I found this very informative.
http://m.nautil.us/issue/54/the-unspoken/the-rise-and-fall-of-the-english-sentence
I found this very informative.
http://m.nautil.us/issue/54/the-unspoken/the-rise-and-fall-of-the-english-sentence
Strangely, I don’t think I do. Actually, it’s probably my formality in textual communication that’s strange: I tend to reject formality in most areas.
Me neither. I’d be interested in learning stuff like that, if there’s anything on it. Surely there is, but I wouldn’t know how to start searching for it.
What made you decide to use a colon here?
If you were speaking instead of writing, would you have known that particular pause would be followed by an explanation before you actually formulated the explanation? Or is this something where you had a comma or period, then later decided a colon would help communicate the relationship between the two clauses better than simply speaking them could?
~Max
Is it correct to use a colon there or should it be a semi-colon?

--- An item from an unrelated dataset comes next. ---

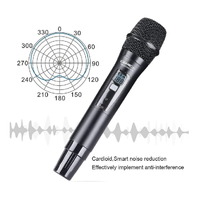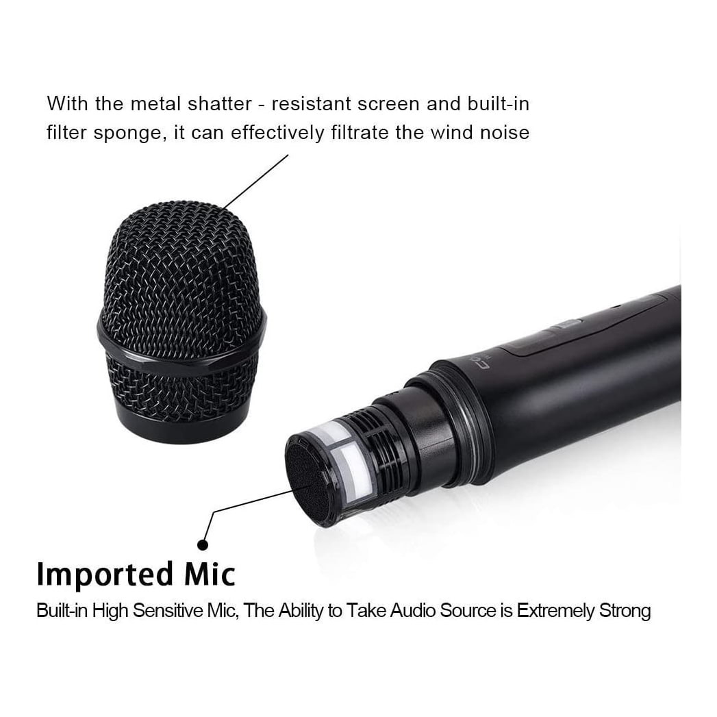 The handheld microphone is powered by 2 AA batteries. The working time is up to 3-5 hours.
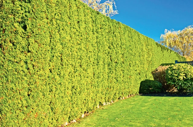 En stedsegrøn hæk klippes kun en gang om året. Helst i august, så nye skud kan vokse til, inden der kommer frost.

That was very interesting. I suppose my formality in textual communication maybe isn’t actually as strange as I thought when I wrote my earlier post, though reading that article doesn’t change the fact that other people I’ve texted/IMed with have generally done so much less formally than I. It also applies to forums, Reddit, etc., but I think most people are a bit more formal in those contexts.
Its title also reminded me of how I’ve noticed that Google’s grammar checker seems to be damaging the English language* by offering erroneous “corrections”, but that’ll have to be separate thread (once I find the short writeup I did on it).
*I’m not railing against linguistic evolution here. What I see is a unilateral action by a very powerful entity that’s (probably inadvertently) making the language less expressive and more confusing. Anyway, for another thread.
Anybody know the name of the use of brackets/parentheses to show sentence structure, as shown in this parsing of the sentence from the US Declaration of Independence at the top of the Nautilus article? I thought it was “parenthetical language”, but that didn’t turn out to find anything related to it, last time I searched.
I think I thought to use the colon pretty early in formulating the sentence. I thought of what ideas I wanted to convey, and then the approximate sentence structure and wording, and then the colon just seemed to suggest itself there.
If I was speaking, I might have used something like “because” instead, or split it into two sentences, but I think the overall structure would have been similar.
Is it correct to use a colon there or should it be a semi-colon?
I think it’s a valid use of a colon. But I would, wouldn’t I?: I wouldn’t’ve used it if I thought it was incorrect.
It isn’t the only grammatically correct option there, though: a semicolon would be fine, as would an em dash. Their meanings would be subtly different, though: in a context like this, the colon implies “because” more strongly than the others do—probably because the others have more other uses.
I used three colons in the above two paragraphs; are their meanings all clear?